Response: I have already mentioned LiDAR research in tree species classification, citing several references related to the application of LiDAR in tree species classification (references 10.3390/s19061284, 10.1117/12.2067506, 10.3390/f11030303).

  1. Reference data collection needs to be clearly explained (i.e. how many sample points were recorded, what the size of the sample plot was and so on).

Response: Detailed sample information has been provided and can be found in response to 10 specific comments.

  1. In the result part there is some issues, for example the author mentioned that the highest accuracy gained by scheme 9 and then all following steps were done based on this scheme approach. However, in the table 4 it is obvious that the scheme8 had a highest accuracy. It seems all steps must be done again to get results with scheme8.

Response: I am very sorry for the weak grammar and wrong description, Scheme8 got the highest result, when making the table due to carelessness, I wrote Scheme8 as Scheme9, I have rechecked and revised it.

  1. I am very sorry for the weak grammar and wrong description, Scheme8 got the highest result, when making the table due to carelessness, I wrote Scheme8 as Scheme9, I have rechecked and revised it.

Response: For the discussion section, I have revisited some new references and added them individually according to the main points. Please see the discussion section of the revised draft for more details.

Specific comments:

  1. Please clarify, Medium spectral or spatial resolution?

Response: Medium spectral resolution:

It means multispectral image, Multispectral imaging captures a small number of spectral bands, typically three to fifteen, through the use of varying filters and illumination.

Medium spatial resolution: There is no clear indicator for defining high, medium, and low resolution of remote sensing images, and it is somewhat relative. Remote sensing images with a ground spatial resolution of meters are usually defined as high resolution, 10m as medium resolution, and 100m as low resolution. Commonly used high-resolution remote sensing images include Aerial Film, QuickBird, IKONOS, OrbView-3, GeoEye-1, EROS-A, EROS-B, SPOT5, and so on. ATSER, HJ-1A, HJ-1B, Hyperion, etc., and low-resolution remote sensing images such as NOAA/AVHRR, MODIS, SPOTVEGETATION, etc.

  1. Please delete “and the fused image not only high spatial resolution and spectral information”.

Response: I have deleted “and the fused image not only high spatial resolution and spectral information”.

  1. Please delete “and” and replace it with comma.
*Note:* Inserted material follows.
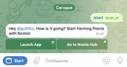 Прежде чем приступить к игре, нужно зайти Nomis App Bot и активировать его. После этого в чате отобразится короткое приветственное сообщение. Под ним будет располагаться кнопка Launch App – для открытия мини-приложения по ней следует нажать.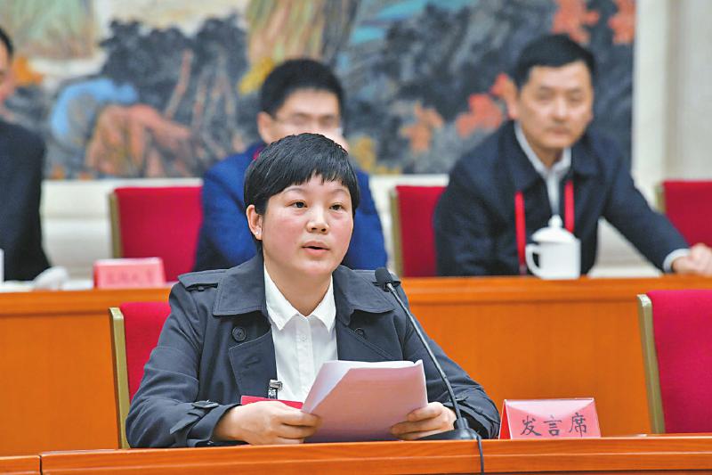 10月19日,倪雪梅在小組討論中發(fā)言。

Response: I have deleted “and” and replaced it with comma.

  1. Change “component replacement” to “CS method”.

Response: I have changed “component replacement” to “CS method”.

  1. change “had” to “has”.

Response: I have changed “had” to “has”.

  1. Fig 1: What are those points in the figure? I also suggest to put (a) and (b) on each sub-figure. Please also clarify the figure 1 (b): the background image?

Response: Those points in the figure were sample plots. I have put (a) and (b) on each sub-figure. figure 1 (b): GF-5 image ( the Purple Mountain). The revised figure can be seen in the revised draft on lines 134-137.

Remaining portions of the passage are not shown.